__Work required__
In your copy, reproduce each entry exactly and leave out the pictures.

__Extracted data entries__

------------------------------------

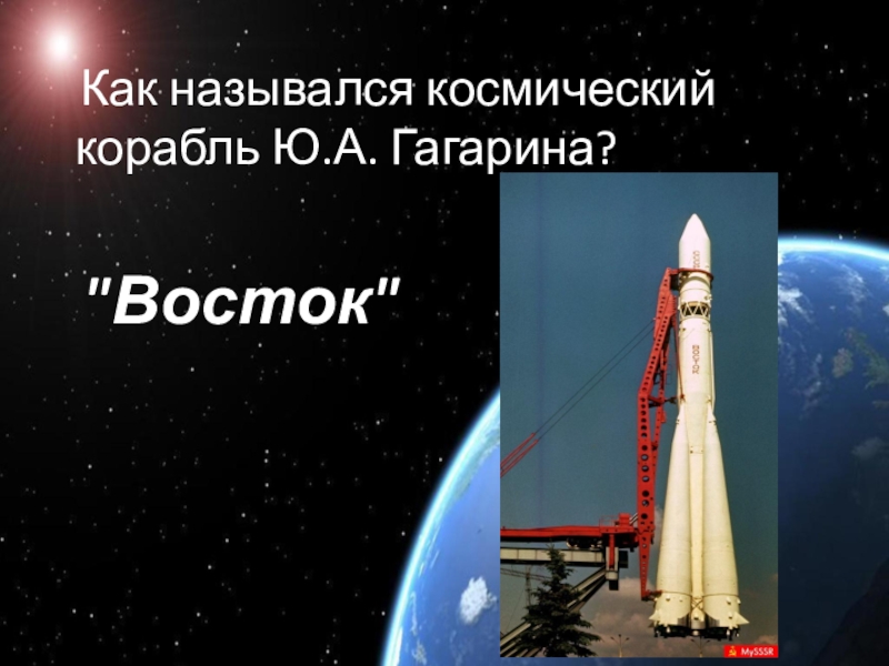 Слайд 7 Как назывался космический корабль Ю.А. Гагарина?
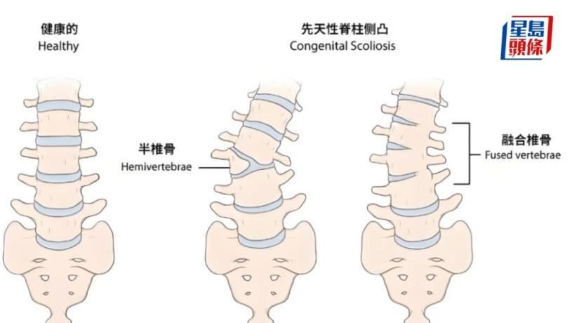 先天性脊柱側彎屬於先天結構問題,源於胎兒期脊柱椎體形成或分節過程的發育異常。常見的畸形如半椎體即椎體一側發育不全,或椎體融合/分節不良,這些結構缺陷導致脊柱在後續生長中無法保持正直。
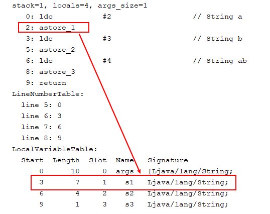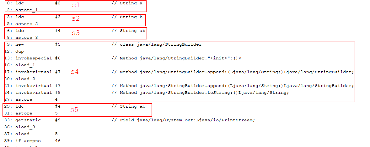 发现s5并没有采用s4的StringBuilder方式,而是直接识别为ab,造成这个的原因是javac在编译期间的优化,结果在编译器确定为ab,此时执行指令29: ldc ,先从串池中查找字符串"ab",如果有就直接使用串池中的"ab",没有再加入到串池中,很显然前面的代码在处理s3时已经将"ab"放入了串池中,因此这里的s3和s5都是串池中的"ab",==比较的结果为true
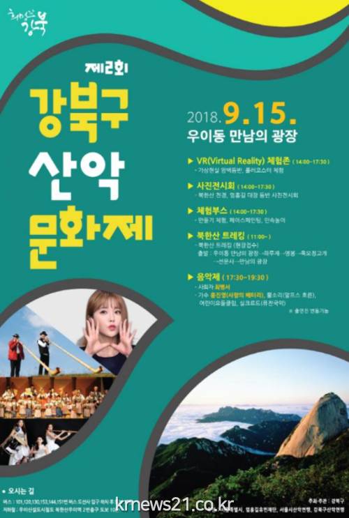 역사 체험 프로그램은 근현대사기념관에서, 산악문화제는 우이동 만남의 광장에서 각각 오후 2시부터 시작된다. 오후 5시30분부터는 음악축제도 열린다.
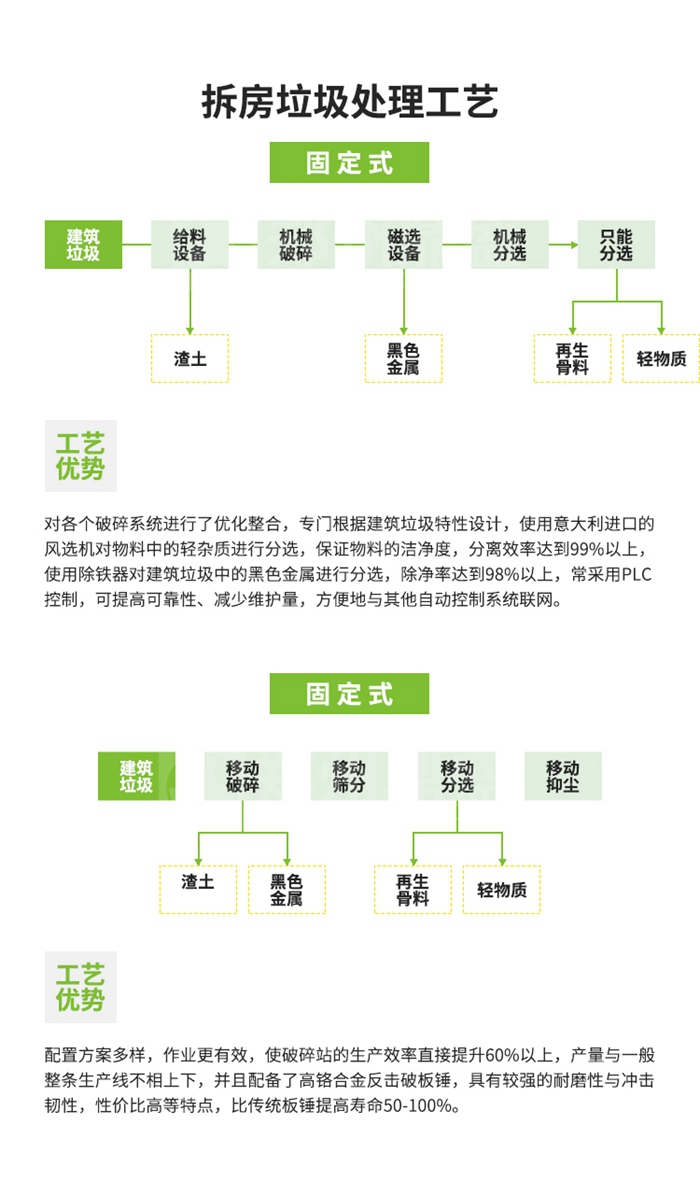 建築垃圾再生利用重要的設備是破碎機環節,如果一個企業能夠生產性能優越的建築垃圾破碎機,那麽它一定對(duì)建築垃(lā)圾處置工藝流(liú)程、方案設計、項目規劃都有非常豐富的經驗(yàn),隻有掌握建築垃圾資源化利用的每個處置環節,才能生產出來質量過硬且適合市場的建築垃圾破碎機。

------------------------------------

__Result for this task__
 Слайд 7 Как назывался космический корабль Ю.А. Гагарина?
 先天性脊柱側彎屬於先天結構問題,源於胎兒期脊柱椎體形成或分節過程的發育異常。常見的畸形如半椎體即椎體一側發育不全,或椎體融合/分節不良,這些結構缺陷導致脊柱在後續生長中無法保持正直。
 发现s5并没有采用s4的StringBuilder方式,而是直接识别为ab,造成这个的原因是javac在编译期间的优化,结果在编译器确定为ab,此时执行指令29: ldc ,先从串池中查找字符串"ab",如果有就直接使用串池中的"ab",没有再加入到串池中,很显然前面的代码在处理s3时已经将"ab"放入了串池中,因此这里的s3和s5都是串池中的"ab",==比较的结果为true
 역사 체험 프로그램은 근현대사기념관에서, 산악문화제는 우이동 만남의 광장에서 각각 오후 2시부터 시작된다. 오후 5시30분부터는 음악축제도 열린다.
 建築垃圾再生利用重要的設備是破碎機環節,如果一個企業能夠生產性能優越的建築垃圾破碎機,那麽它一定對(duì)建築垃(lā)圾處置工藝流(liú)程、方案設計、項目規劃都有非常豐富的經驗(yàn),隻有掌握建築垃圾資源化利用的每個處置環節,才能生產出來質量過硬且適合市場的建築垃圾破碎機。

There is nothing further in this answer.